Ralf Corsepius corsepiu at faw.uni-ulm.de
Tue Sep 2 03:09:40 UTC 2003


On Mon, 2003-09-01 at 13:14, Leon Pollak wrote:
> On Monday 01 September 2003 08:44, you wrote:
> > On Sun, 2003-08-31 at 21:24, Leon Pollak wrote:
> > > Hello.
> > > 	For some specific reason I am forced to use the old gcc 2.95 (old
> > > binults, etc...).
> > I wonder why one would want to do THAT :-) ?
> The cause is very prosaic :-))
> gcc 3.2.xx requires gdb> 5.2. 
What is it that causes this requirement?

> I want to work with mpc860-bdm in linux, which 
> was developed for 5.0. My attempts to patch 5.2 failed - too many structural 
> changes where done to 5.2 and my knowledge of gdb is zero.

> BTW, my previous question you commented about the debug info is the 
> illustration to what I said above - gdb 5.0 does not recognize the DWARF info 
> produced by gcc 3.2. And last objdump is too unable to see it
objdump isn't able to read the powerpc debug info produced by gcc-3.2.x
but is able to read the powerpc debug info produced by gcc-3.x?
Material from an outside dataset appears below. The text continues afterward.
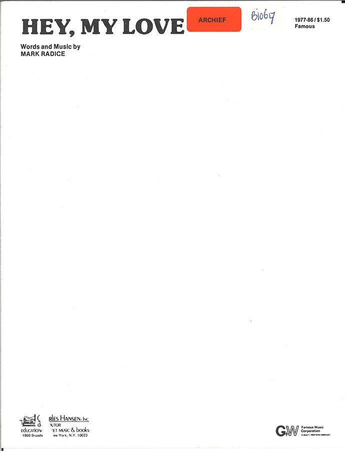 Hey, My Love, written by Mark Radice, as recorded by Dion, arranged for voice and piano with guitar chords.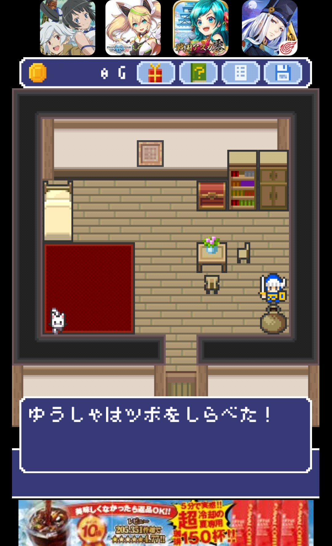 『脱出ゲーム「あいつ勇者やめるって」』では、ロールプレイングゲームでよくある勝手に宝箱を開けたり、ツボを調べたりができます。

objdump is part of binutils, not of gcc. As you probably are using the
same binutils for gcc-2.95.x and gcc-3.x, this would indicate an
incompatibility between binutils and gcc and/or a necessity to use newer
binutils (2.14?) for powerpc-gcc-3.x.

I would not be surprised if they (probably the gcc-folks) have changed
the default debugging format used by gcc-3.x.
If this assumption holds, you might get things working by explicitly
specifying a particular debug format (-g<gcc-2.95.x's debugging format>)
during compilation.

You could try to find out which debug info format is used by gcc-2.95.x
and try to explicitly pass a corresponding option to gcc during
compilation to override the default.